Supplied data START
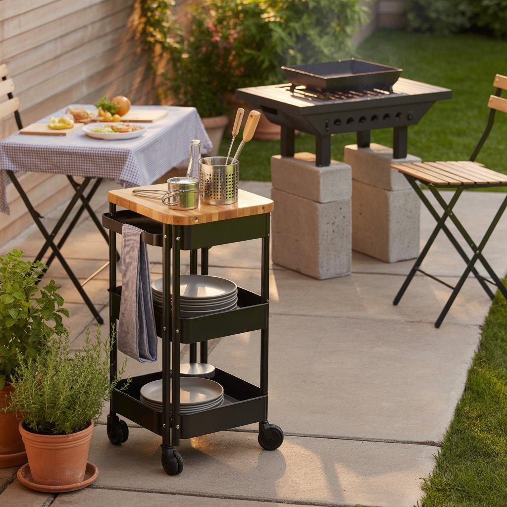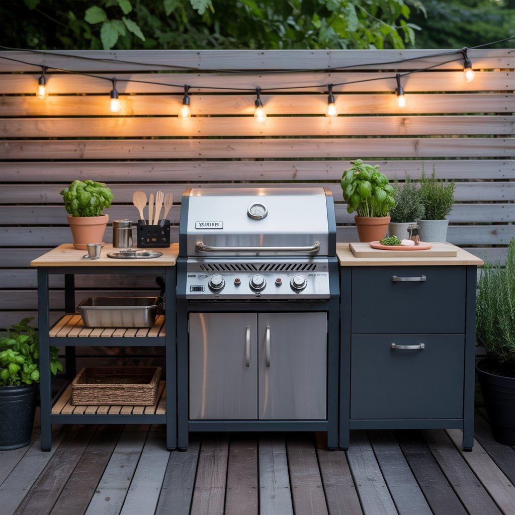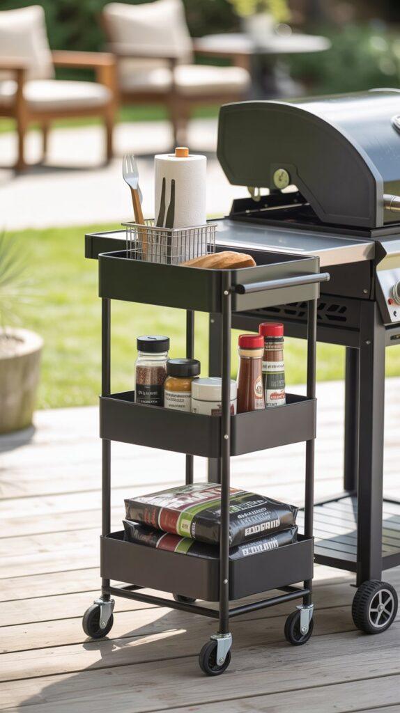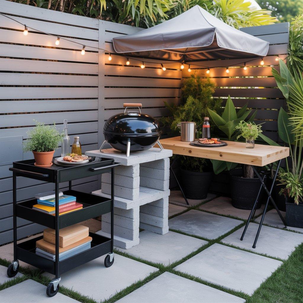 Use a rolling utility cart as an island. It’s cheap, mobile, and perfect for small patios. You get prep space and storage in one piece.
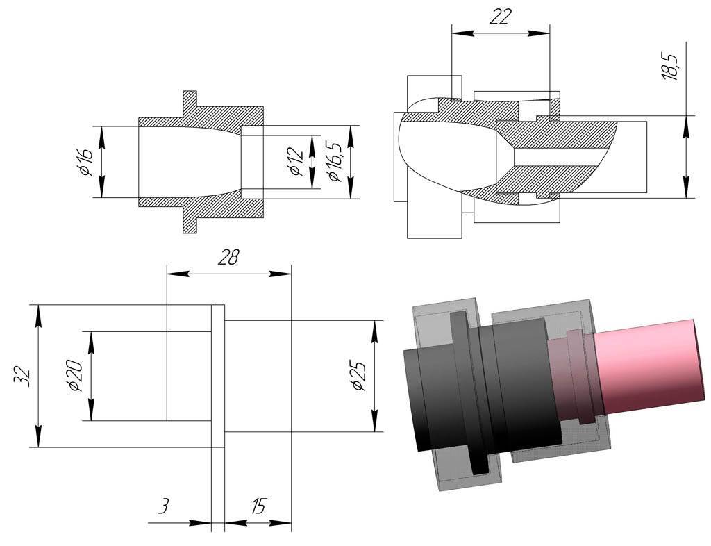 Схема и размеры переходника для установки китайских сопел на фирменный пескоструйный пистолет
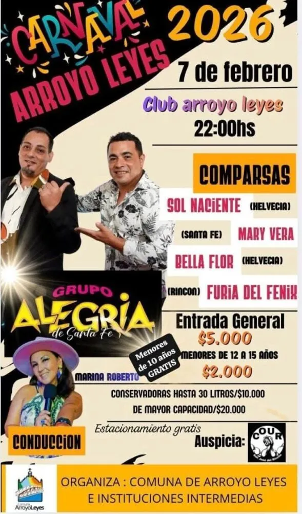 Los carnavales se realizarán el sábado 7 de febrero de 2026, desde las 22, en el Club Atlético Arroyo Leyes. El valor de la entrada general será de $5.000; para menores de 12 a 15 años, $2.000; mientras que los menores de 10 años ingresarán sin cargo. El estacionamiento será gratuito.
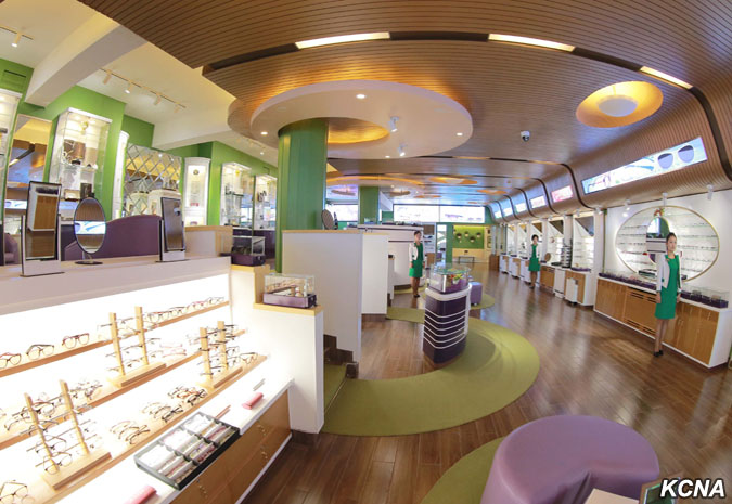 Poznamenal, že obchod má zkušebnu zraku, korekční místnost a místnost pro zpracování s cílem zajistit vědeckou přesnost, vlídnost a rychlost ve službě brýlí.
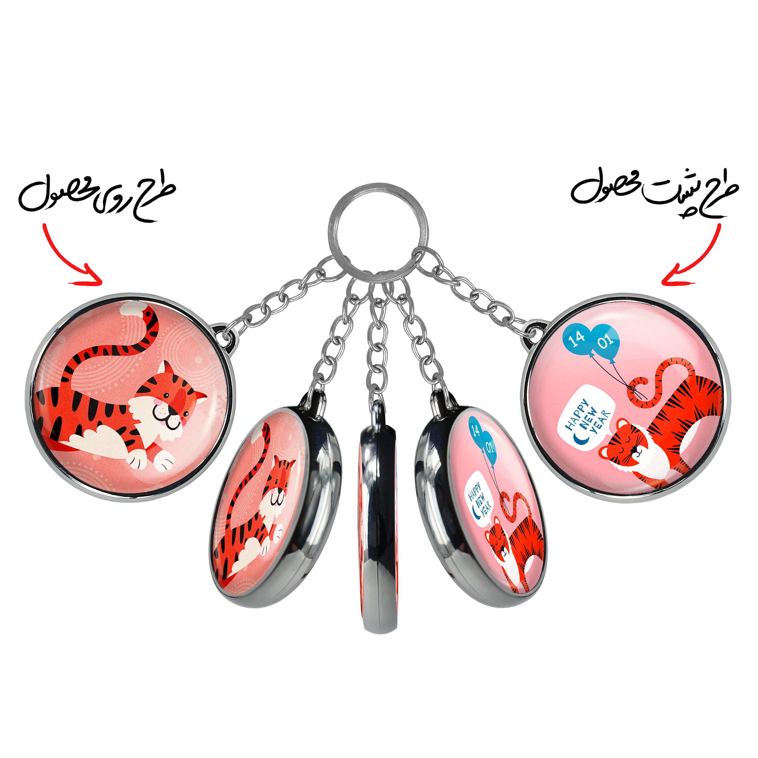 جاکلیدی دوطرفه سال ببر خندالو محصولی کاربردی و جدید است که در هر دو سمت محصول، تصویری متفاوت اما از یک موضوع چاپ شده و تفاوت اصلی آن با جاکلیدی های یک طرفه در همین است که هر دو سمت پشت و روی جاکلیدی، طرحی دیدنی و جذاب دارد.
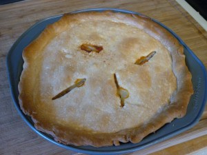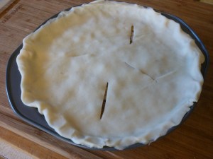 Mix everything, except crust, together and place into a greased 8” pie pan. Bake, covered, in a preheated oven at 375 degrees for 30 minutes. Remove from heat and drain off accumulated fat. Cover with crust and return to oven for 45 minutes or until the crust is brown and flaky. Allow to cool completely before serving.
Supplied data END
**Assignment:** From the records above, transcribe only the stretch from the line with "Los carnavales se" through the line with "Poznamenal, že obchod", keeping both ends. Omit pictures.

**Task output:**
 Los carnavales se realizarán el sábado 7 de febrero de 2026, desde las 22, en el Club Atlético Arroyo Leyes. El valor de la entrada general será de $5.000; para menores de 12 a 15 años, $2.000; mientras que los menores de 10 años ingresarán sin cargo. El estacionamiento será gratuito.
 Poznamenal, že obchod má zkušebnu zraku, korekční místnost a místnost pro zpracování s cílem zajistit vědeckou přesnost, vlídnost a rychlost ve službě brýlí.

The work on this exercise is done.